Wednesday, April 18, 2007

Maybe that wasn't such a good idea

Our regular readers may recall one of our awards from April 2. Within that award, we decided that the practice in the Phillipines of submitting oneself to crucifixion in honor of Christ's own sacrifice just maybe wasn't the best idea. Then we wrapped it up with something pithy about Chuck Norris.

If only Chuck Norris could have been the last word. A good swift roundhouse kick would've taken care of this whole mess before people could've started saying things like, "We're going to nail you to a cross after you whip yourself bloody. What could possibly go wrong?"

Because, well, now we know what could possibly go wrong.

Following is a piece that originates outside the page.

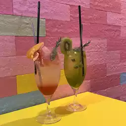 A colorful and refreshing carbonated drink with a fruit flavor. Made with kiwi and pink grapefruit. It also contains fruit pulp.

And what could possibly go wrong is that one of the men could die from rabies, thereby possibly exposing all the rest to the disease. See, before they got hammered to some wood, and before they even flogged themselves with bamboo, they shared a knife to start the bleeding and the ripping of skin.

Since the announcement, over 100 people have received anti-rabies vaccines, in an attempt to keep them from actually coming down with the disease. Of course, with the amount of time rabies can remain dormant, the scare may not be over for another couple of years.

See, this is exactly why we here at the CSM prefer to use things like make-up and special effects when recreating the passion play, or anything else even half-way as bloody and painful. We're not big fans of pain, least of all pain inflicted on ourselves. Sure, we all like a little snark now and then, but physical pain is one of those lines that we just can't bring ourselves to cross. So when we first heard about people recreating the crucifixion, it boggled our minds a little.

Of course, even with the rabies scare, there's little indication that next year won't feature the same passion play, or some variant thereof. After all, the steps that they take to showcase their faith involve a certain level of fanaticism. And there's nothing fanatics like better than having an even higher risk for more pain and suffering.

Why couldn't they have just been a quiet group that drink their Kool-Aid, had some pudding, and went to sleep chasing after an improbable dream? Kind of like Don Quixote, with more barbituates.